Eight informational elements must be disclosed: a statement that the study involves research, as well as a description of the research and its purposes; a description of reasonably foreseeable risks; a description of reasonably expected benefits; disclosure of appropriate alternatives; a statement about maintenance of confidentiality; for research involving more than minimal risks, an explanation about possible compensation if injury occurs; information about how the subject can have pertinent questions answered; and a statement that participation is voluntary (i.e., the refusal to participate involves no penalties or loss of benefits). Subjects should also be given information regarding: unforeseeable risks; circumstances under which the subject's participation will be terminated; additional costs that the subject may incur; the consequences of a subject's decision to withdraw; the dissemination of findings developed during the study that relate to a subject's willingness to continue; and the approximate number of total subjects (Berg, at al.; Title 45, Code of Federal Regulations). Because the consent must be in writing, there has been a tendency to equate giving informed consent with signing a consent form; in reality, informed consent is a legally-mandated process that is merely documented by signing the consent form. During the informed consent process, care must be taken to prevent the therapeutic misconception (Appelbaum, Roth, and Lidz) or institutional and psychosocial factors from undermining subjects' understanding and voluntariness.
One of Belmont Report's principles is that individuals should be respected as autonomous agents and that those with diminished autonomy should be afforded additional protection in research. Mental health research is conducted on a diverse range of mental health conditions, and only some of these conditions diminish autonomy by impairing the decision-making capacity requisite for the informed consent process.
Guidelines that have been developed to protect mentally or cognitively impaired research participants—whether in mental health research projects or not—are relevant for understanding aspects of informed consent in mental health research. Simultaneously, the conflation of mental illness or impairment with incapacity or incompetence must be avoided, not only for conceptual clarity and ethical appropriateness, but also to avoid further stigmatizing those with mental illness. Indeed the 1998 report of the National Bioethics Advisory Commission (NBAC), "Research Involving Subjects with Mental Disorders That May Affect Decision-Making Capacity" has been criticized for perhaps perpetuating discriminatory attitudes by focusing on persons with mental disorders rather than selecting all incapacitated persons as the focus of concern (Oldham, Haimowitz, and Delano, 1999a).

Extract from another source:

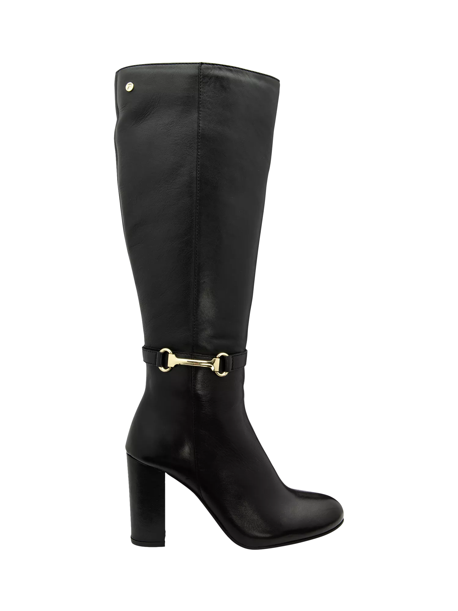This knee-high boot features a a striking horse bit detail just above the ankle and is boosted by a block heel. It is also made from high-quality leather.

Perhaps recognizing that special protections may themselves be stigmatizing, the Federal Code or "Common Rule" does not identify the mentally ill as a vulnerable group in need of such protections. Special guidelines do address research with children (considered a vulnerable group) and on substance abuse (Office for Protection From Research Risks). As part of the informed consent process, researchers must be prepared to address, perhaps with federal certificates of confidentiality (Title 42, Code of Federal Regulations), and at least in disclosure of the psychosocial and economic risks of participation (McEnvoy and Keefe), the stigma that attaches to mental illness and to substance abuse (Gorelick, Rickens, and Bonkovsky). Because substance abuse and mental illness may impugn both decisional capacity and behavior control (and thus voluntariness), researchers may need to turn to surrogate decision makers in the consent process. Further, researchers must be cognizant that parents of children with mental disorders are also frequently stigmatized (Jensen, Fisher, and Hoagwood).

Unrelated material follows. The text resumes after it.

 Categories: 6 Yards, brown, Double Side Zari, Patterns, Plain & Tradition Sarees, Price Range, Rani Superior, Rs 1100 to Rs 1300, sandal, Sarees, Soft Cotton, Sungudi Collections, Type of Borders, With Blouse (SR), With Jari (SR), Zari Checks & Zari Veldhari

Thus, informed consent for mental health research is complicated, first, by the need to determine when mental illness or impairment renders patients incapable of giving informed consent (or refusal) and when it does not; second, by the institutional contexts of much psychiatric research and the myriad pressures that may impugn the voluntariness of such decisions; third, by the need for research to develop effective treatment for mental illness to alleviate the suffering it causes; and finally, by the difficulty that surrogates might have in appreciating the situation of those with mental illness so that they may decide as prospective subjects would if they were competent to do so.
Recognizing that some research potentially benefiting the mentally infirm cannot be conducted with any other group, the National Commission for the Protection of Human Subjects of Biomedical and Behavioral Research, created in 1974, sought ethical means to include in research subjects incapable of giving consent. In two reports (1977 and 1978), the Commission recommended that research involving children and the institutionalized mentally infirm be placed in three categories according to level of risk presented: minimal risk, minor increase over minimal risk, and more than a minor increase. Contrary to provisions in both the Nuremberg Code and the Declaration of Helsinki, the Commission concluded that subjects incapable of giving informed consent could be enrolled in both studies that offered the potential of direct benefit and studies that did not offer such a prospect, so long as the burdens and risks of participation did not exceed a certain level. Also proposed were provisions for incapable participants to assent or object to study participation (i.e., to say "yes" or "no" when asked about willingness to participate); such a recommendation is in keeping with the current Council for International Organizations of Medical Sciences (CIOMS) comment that incapable subjects' objections to participation must be respected except in the rarest instance involving direct therapeutic benefit to the subject and the absence of alternative therapy. The Commission also recommended that institutional review boards (IRBs) appoint an auditor to assure the adequacy of the consent process for research involving more than minimal risk, and that informed consent be obtained from the incompetent patient's legal guardian, which parallels provisions of the current version of the Declaration of Helsinki. While a substantial number of the Commission's recommendations regarding research with children were adopted as part of the Common Rule, due to a lack of consensus and concerns about auditing the informed consent process, its recommendations regarding the mentally infirm were not adopted.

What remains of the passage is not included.